Это предложение застало меня врасплох. Я задумался, почему он это делает.

— Он не хочет вывозить свое добро?

— Угадал. Не советую соглашаться. Сто пятьдесят лет там копилась всякая рухлядь.

— Старые газеты? Книги с пожелтевшими страницами? Полный чердак сундуков?

Она театрально вздохнула:

— Так ты из этих! Ладно, забирай дом со всем старьем. Знаешь, я даже сама заплачу Белчеру за обстановку. Мой тебе подарочек.

— Спасибо, — сказал я.

Двадцать седьмое выпало на субботу. Три часа я отвечал на те же самые вопросы, что задавали мне везде. Я планировал выехать в Коул-Крик в понедельник рано утром. Моя мебель отправилась на склад, я собирался захватить с собой только несколько чемоданов с одеждой, пару ноутбуков и кучу любимых ручек (я боялся, что «Пилот» перестанет их выпускать). Я уже выслал риелтору книги, которые изучал, чтобы она подержала их у себя. Ящик с инструментами отца Пэт стоял под задним сиденьем в машине.

Во время ленча миссис Гунн сообщила мне, что Джеки Максвелл завтра выходит замуж. Я улыбнулся, изо всех сил стараясь казаться утонченным и интересным, и попросил ее передать Джеки, что я купил дом в Коул-Крик и собираюсь провести там лето — за работой над новой книгой, — и если Джеки ищет работу, вакансия до сих пор открыта. Она даже может выехать со мной в понедельник утром.
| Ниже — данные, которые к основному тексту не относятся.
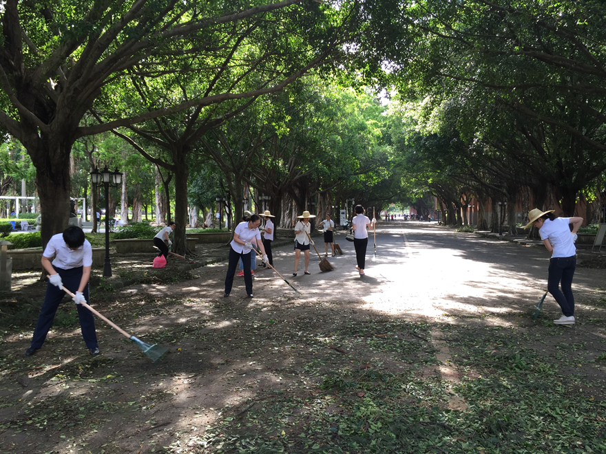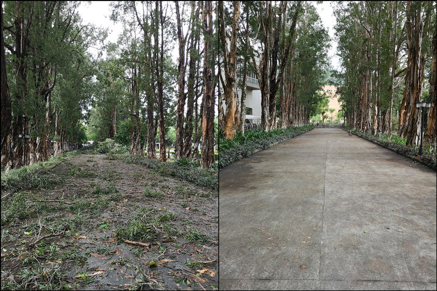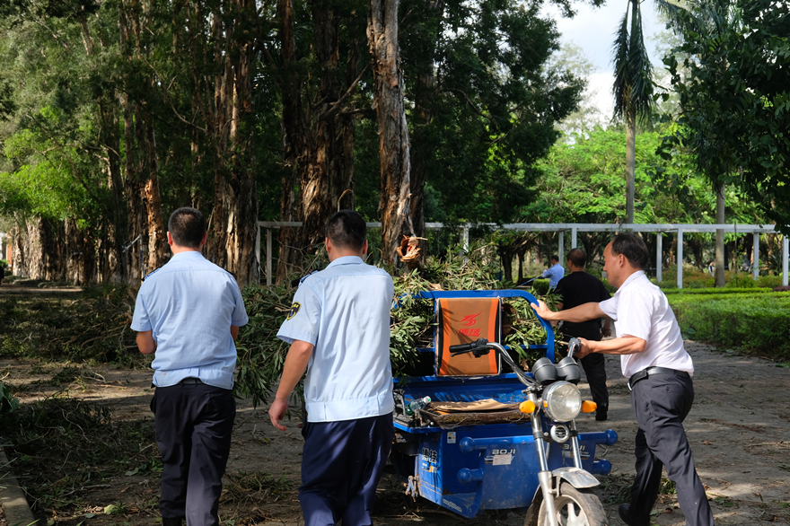 目前灾后的恢复工作正在紧张进行中。灾害发生后,后勤处按照学校领导部署,迅速启动紧急预案,坚守工作岗位,积极采取切实有效措施,全面做好供水供电保障、设施设备检修、断树残枝清理、校园秩序恢复等工作,把台风灾害带来的损失控制在最低程度。

Миссис Книги-на-Халяву улыбнулась так, что я понял, что мой поезд ушел, но любезно согласилась передать Джеки мои слова.

В субботу после обеда я как раз запихивал носки в большую спортивную сумку, когда в дверь громко и торопливо постучали. Звук был настолько требовательным, что я поспешил вниз.

Распахнув входную дверь, я лишился дара речи.

На пороге стояла Джеки Максвелл в подвенечном платье. Фата покрывала, кажется, полтора акра темных волос. Когда я видел ее в прошлый раз, волосы едва доходили ей до уха. Неужели они так быстро растут? Может, какая-то генетическая особенность? И перёд ее платья... в общем, там она тоже выросла.

— Вам все еще нужен помощник для исследований в Коул-Крик? — спросила она таким тоном, что я не решился задать ни одного вопроса.

— Да, — ответил я.

Джеки ходила по веранде взад-вперед и зацепилась за что-то платьем. Она со злостью дернула подол — я услышал, как рвется ткань. Это звук заставил ее злорадно улыбнуться.

Я вам вот что скажу: я никогда, никогда в жизни не хотел бы разозлить женщину настолько, чтобы она улыбалась, услышав, как рвется ее подвенечное платье. Лучше б я... Честно говоря, я сделал бы что угодно, лишь бы не вызвать такого гнева, какой полыхал сейчас в глазах мисс Максвелл.

Или церемония уже закончилась и она теперь — миссис Кто-то Еще?

Так как я очень хотел жить, я не стал задавать вопросов.

— Во сколько завтра мне быть здесь?

— Восемь утра не слишком рано для вас?

Она раскрыла было рот, чтобы что-то ответить, но платье снова зацепилось. На этот раз она не стала дергать. На этот раз ее лицо исказила ухмылка, от которой мне сделалось страшно, и она очень, очень медленно потянула за подол. Звук рвущейся ткани висел в воздухе несколько секунд.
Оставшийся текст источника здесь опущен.